(Collection entries)
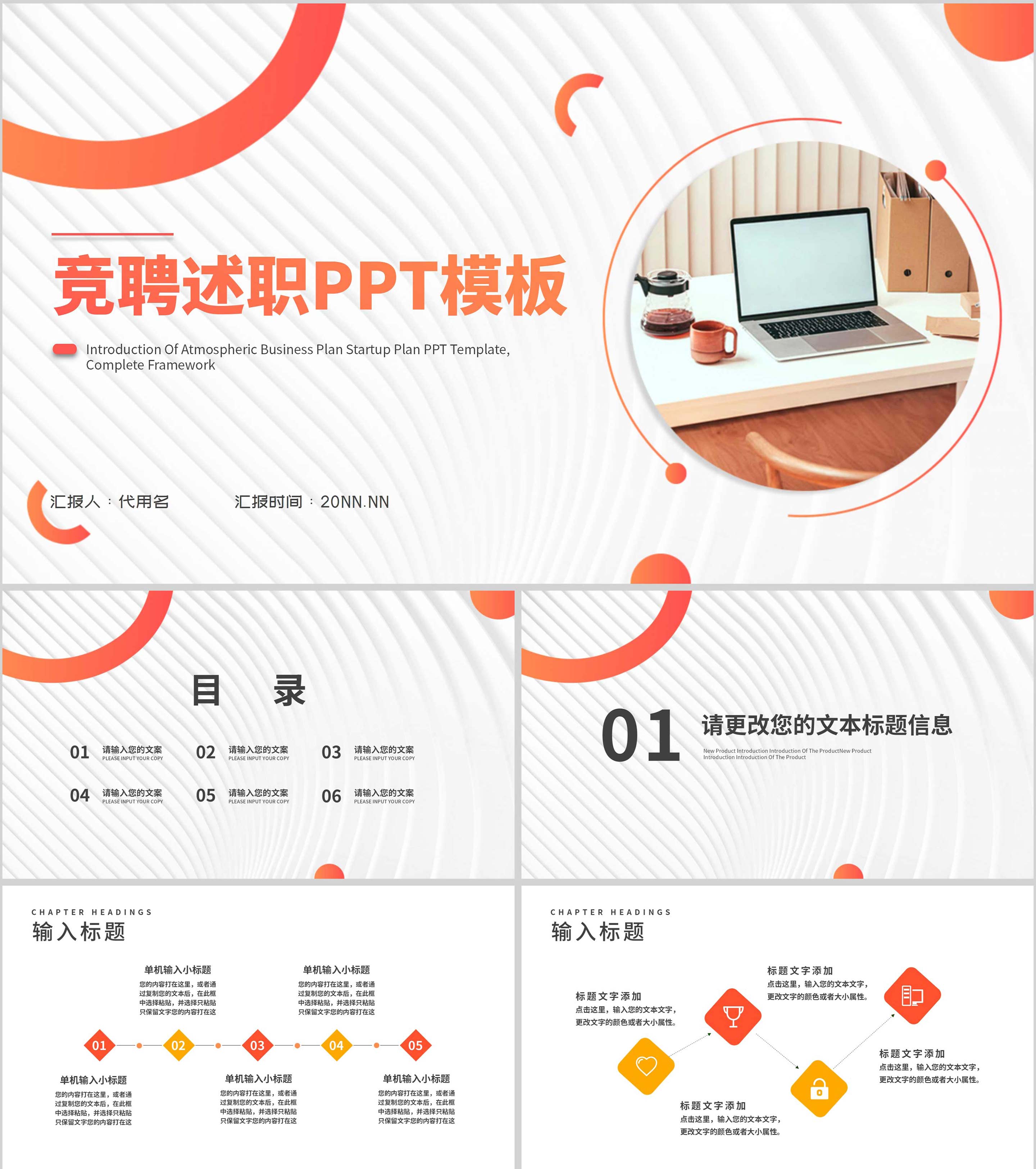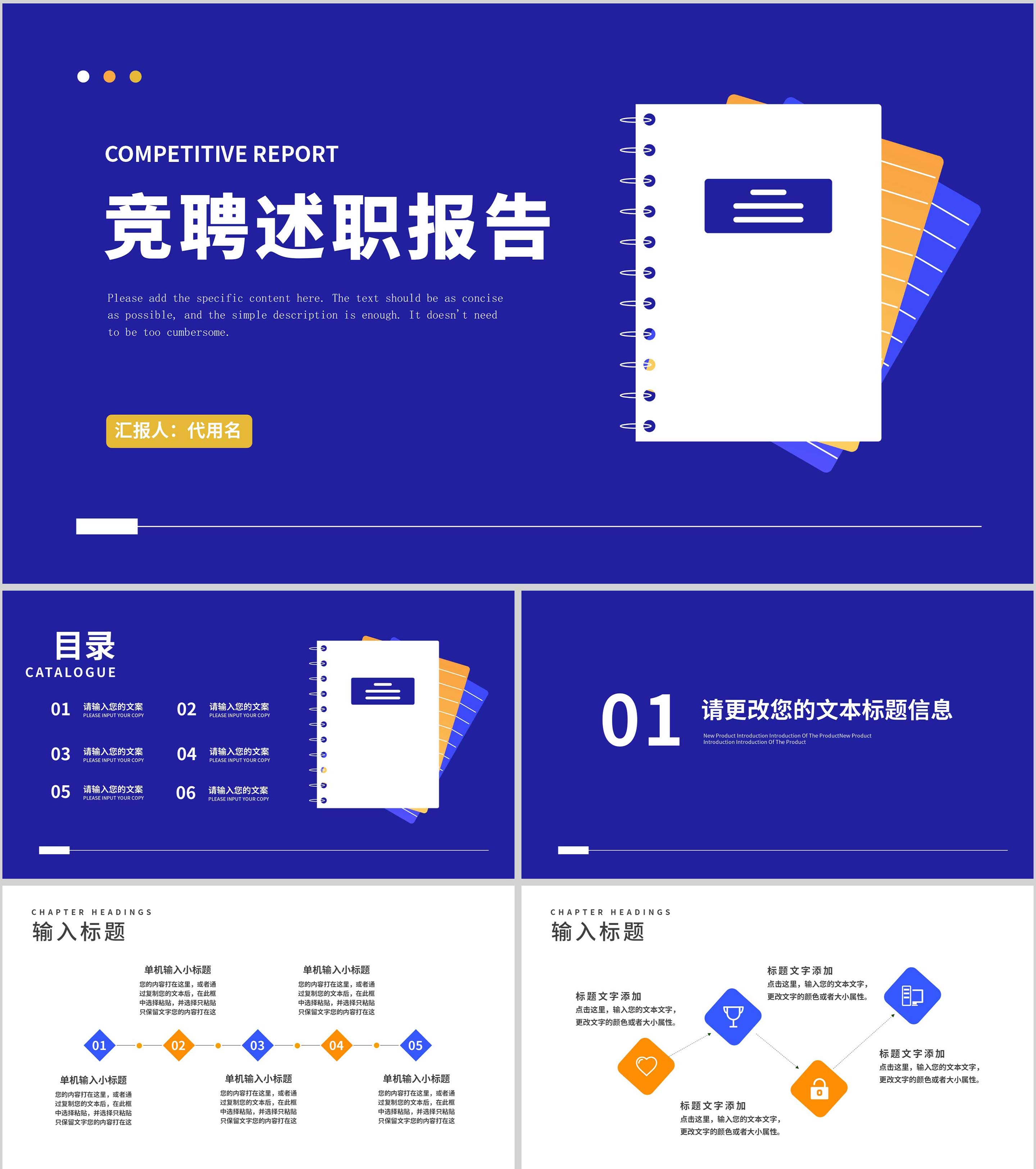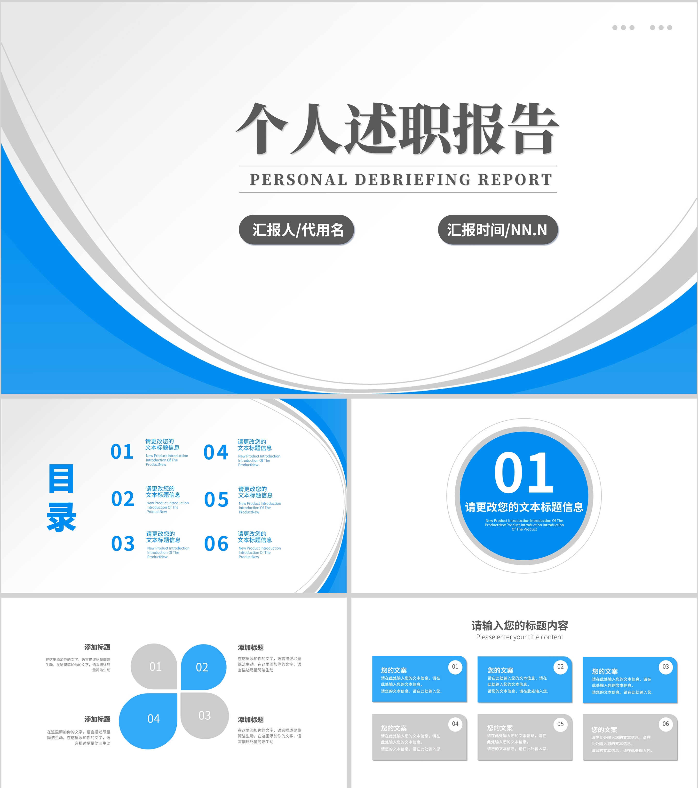 蓝色扁平风职场员工工作计划竞聘述职报告PPT模板
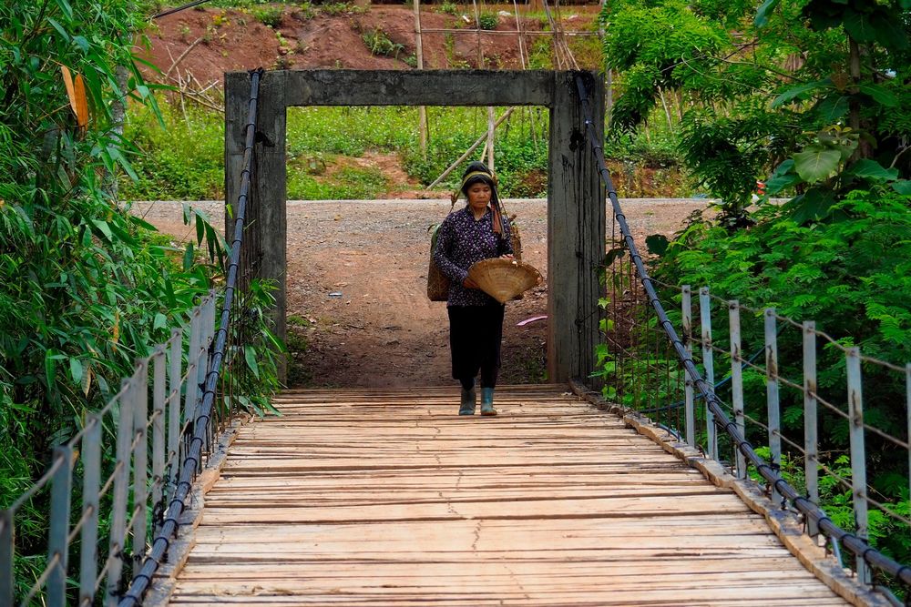 Nord Vietnam , une dame traversant pont de bois
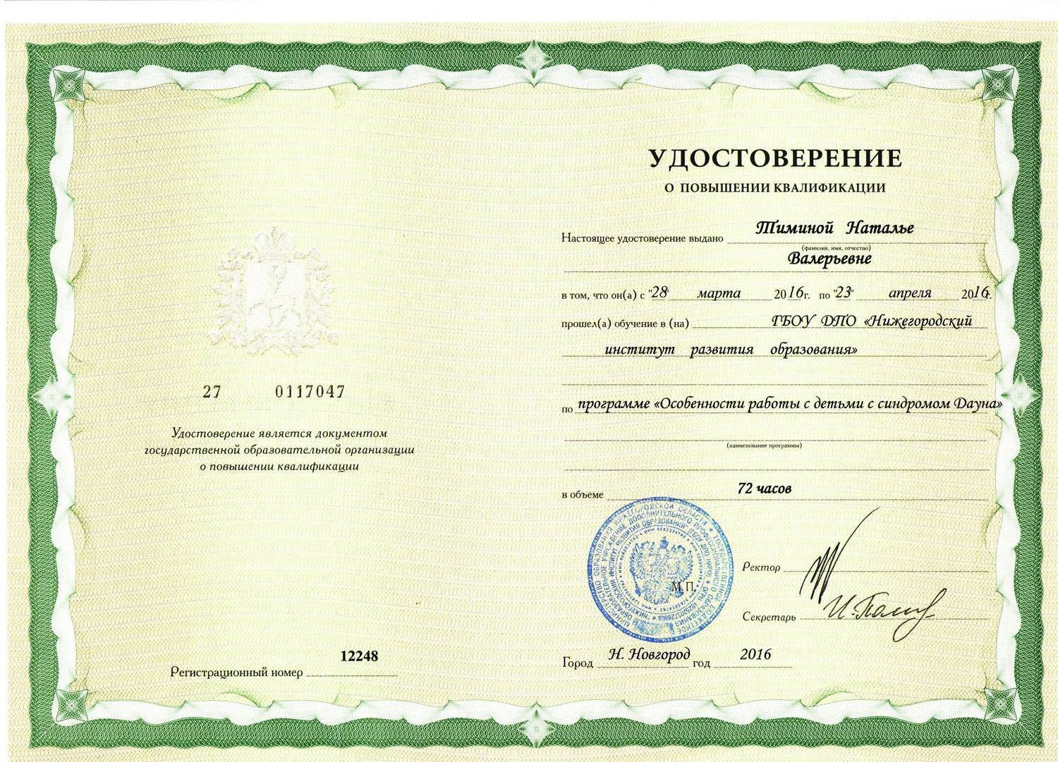Курсы повышения квалификации "Особенности работы с детьми с синдромом Дауна" 72 ч., 2016 г.
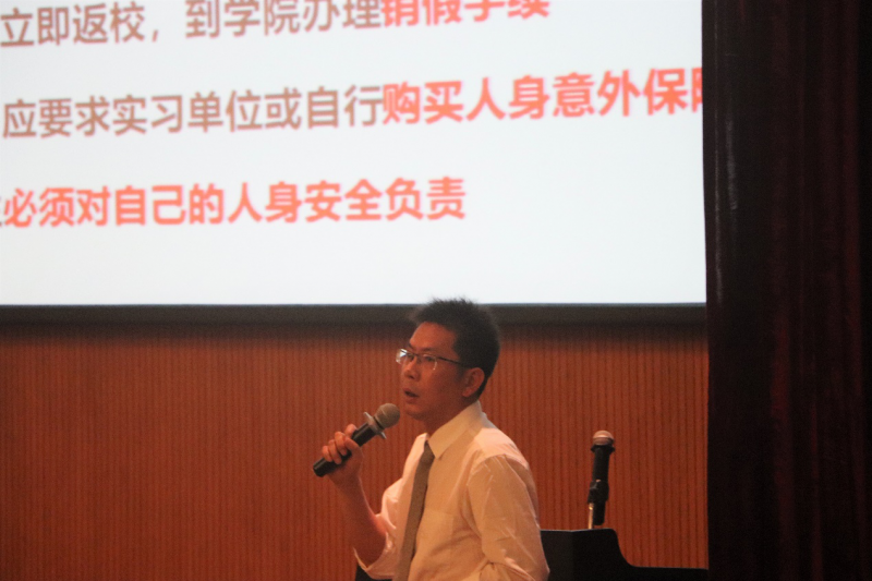 随后,党委副书记陈征宇博士就“研究生培养要求及管理规定”这一专题进行解读,在具体案例与数据统计的基础上,对毕业条件、学校规章制度及学院管理规定进行了详细介绍。他希望同学们能转换角色,铭记身份,扣好研究生生活的第一颗扣子。
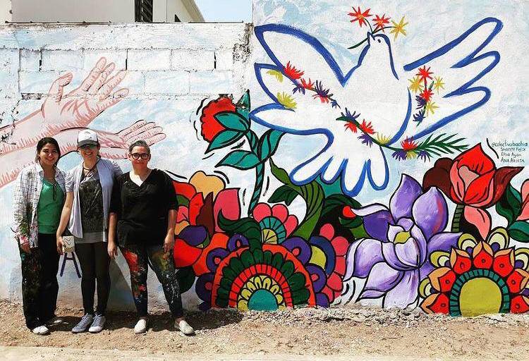 Ana Arista, Sharey Félix y Elsa Aréchiga profesionista en el área de la arquitectura, psicología, artes plásticas y diseño gráfico, respectivamente, dedican su tiempo libre a embellecer la ciudad de Culiacán con sus colores, arte y creatividad.

The problem.
Reproduce exactly the entries from their first line through the line containing "随后,党委副书记陈征宇博士就", including both, and omit any pictures.

Written solution.
 蓝色扁平风职场员工工作计划竞聘述职报告PPT模板
 Nord Vietnam , une dame traversant pont de bois
Курсы повышения квалификации "Особенности работы с детьми с синдромом Дауна" 72 ч., 2016 г.
 随后,党委副书记陈征宇博士就“研究生培养要求及管理规定”这一专题进行解读,在具体案例与数据统计的基础上,对毕业条件、学校规章制度及学院管理规定进行了详细介绍。他希望同学们能转换角色,铭记身份,扣好研究生生活的第一颗扣子。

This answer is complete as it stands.